From each posting the AI extracts the buyer and solicitation number, apparatus type and quantity, bid due date and time, bid bond or bid security requirement, required delivery timeline, specification references (such as NFPA standards or agency equipment provisions), set aside status, pre-bid conference details, and cooperative purchasing clauses. These extracted fields are what appear in the digest and what drive the deadline reminders as due dates approach.
This is the core failure of keyword based saved searches and the main reason the AI reads the full solicitation text. A federal posting titled "vehicle, firefighting, 1500 GPM" is a Type 1 pumper solicitation that a keyword alert for "pumper" never catches. The AI identifies the apparatus type from the specification content: pump capacity, tank size, chassis requirements, and NFPA chapter references, so the classification does not depend on how the purchasing officer happened to word the title.
Every reviewed posting is logged with its score and the specific reason it was excluded: outside the product lines, below the contract minimum, a parts or service only solicitation, or a delivery timeline that conflicts with build capacity. The log rides along with the daily digest as an attachment and accumulates in a spreadsheet as the audit trail, so the team can verify nothing was missed and adjust the profile if the screening is too tight or too loose.

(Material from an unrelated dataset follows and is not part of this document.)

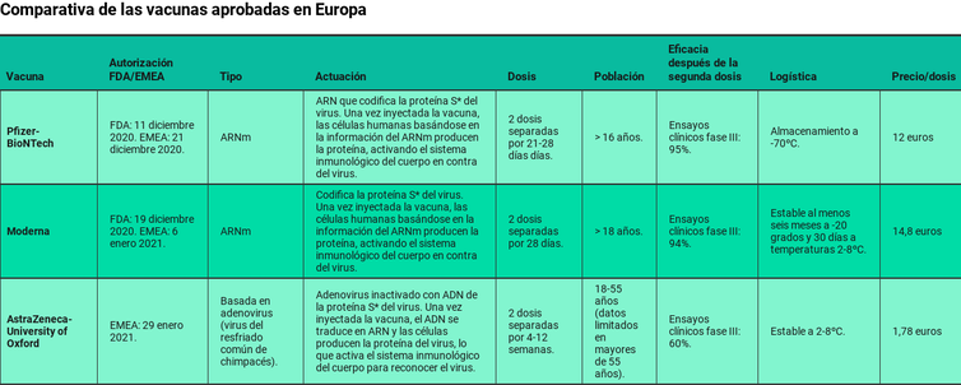 La vacuna de Oxford-AstraZeneca acaba de ser autorizada en Europa. Asimismo, otras vacunas, como la de Janssen/Johnson & Johnson, Sanofi/Pasteur/Glaxo Wellcome, CureVac y Novavax, cuya negociación está en curso, no han solicitado todavía autorización por la CE pero ya han firmado contrato de comercialización.

Yes. The architecture is portal agnostic and product agnostic: the portal list, the manufacturer profile, and the scoring weights are configuration, not new engineering. The same engine monitors state education procurement for modular classroom builders, municipal utility and EPA funded project portals for water treatment equipment makers, DOT and city portals for street lighting manufacturers, and VA and state health RFPs for medical equipment suppliers. Any manufacturer that bids on government contracts, in any country, against any portal that publishes its solicitations.

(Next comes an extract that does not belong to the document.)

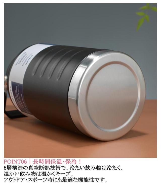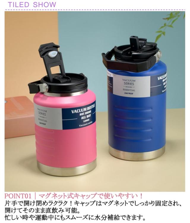 | 真空断熱 大容量魔法瓶 1500ml / 2000ml|スポーツ・アウトドア・ジムに最適な水筒 POINT01|マグネット式キャップで使いやすい! 片手で開け閉めラクラク!キャップはマグネットでしっかり固定され、開けてそのまま直飲み可能。 忙しい時や運動中にもスムーズに水分補給できます。 POINT02|二重密封で漏れない安心構造 高性能シーリングで転倒しても漏れにくい設計。 アウトドアや車内でも安心して使える魔法瓶です。 POINT03|握りやすいカバーハンドル 持ち運びしやすいカバー付きハンドルを採用。 手が痛くなりにくく、持ち歩きにも最適! POINT04|食品級ステンレス採用 内側は304ステンレス製で抗菌性・耐錆性に優れ、毎日清潔に使用可能。 お子様から大人まで安心して使える素材です。 POINT05|広口&大容量で使いやすい 氷も入れやすい広口設計で洗いやすく、お手入れ簡単! 1.5L/2Lの大容量で一日中しっかり水分補給。 POINT06|長時間保温・保冷! 5層構造の真空断熱技術で、冷たい飲み物は冷たく、温かい飲み物は温かくキープ。 アウトドア・スポーツ時にも最適な機能性です。 多用途で大活躍! キャンプ・ジム・ランニング・登山・ピクニック・スポーツ観戦・お仕事・車内常備など、 さまざまなシーンで便利にお使いいただけます。 | |
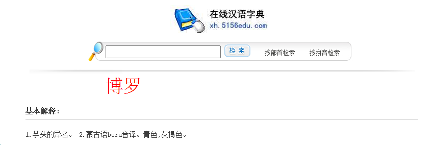 “博羅”除了是縣級以上行政區劃名稱外,本身也是固有詞匯,其含義為“1.芋頭的異名。2.蒙古語boru音譯。青色;灰褐色”。

Each business morning the n8n workflow queries the SAM.gov Get Opportunities API, the NYC City Record procurement dataset, and the CanadaBuys tender notice files, collecting every posting added since the previous run.

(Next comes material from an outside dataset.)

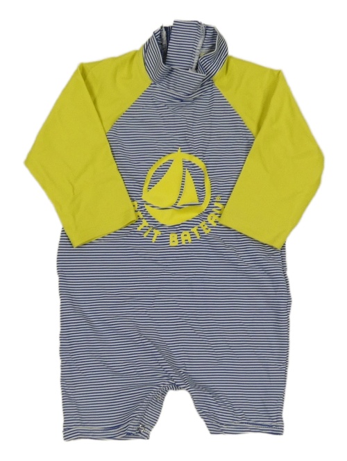 Žluto-modro-bílý pruhovaný UV overal

The three sources arrive in different structures. The workflow maps each into a single record format: buyer, title, full text or document link, posting date, response deadline, and source identifiers.
The AI pass reads the specification content, not just the title, identifying apparatus type from pump capacity, tank size, chassis requirements, and NFPA references, and extracting quantity, deadline, bond, delivery terms, and set aside status.
Product line match, build slot fit against the required delivery timeline, contract value against the minimum, and compliance requirements against certifications, weighted into one score with written reasoning.
Qualified or screened out, each posting is appended to the Google Sheets review log with its score and reason, building the audit trail that proves nothing was missed.
Qualified solicitations arrive by email ranked by fit score with the extracted facts and reasoning. As each bid due date approaches, reminder notices fire automatically to the bid team.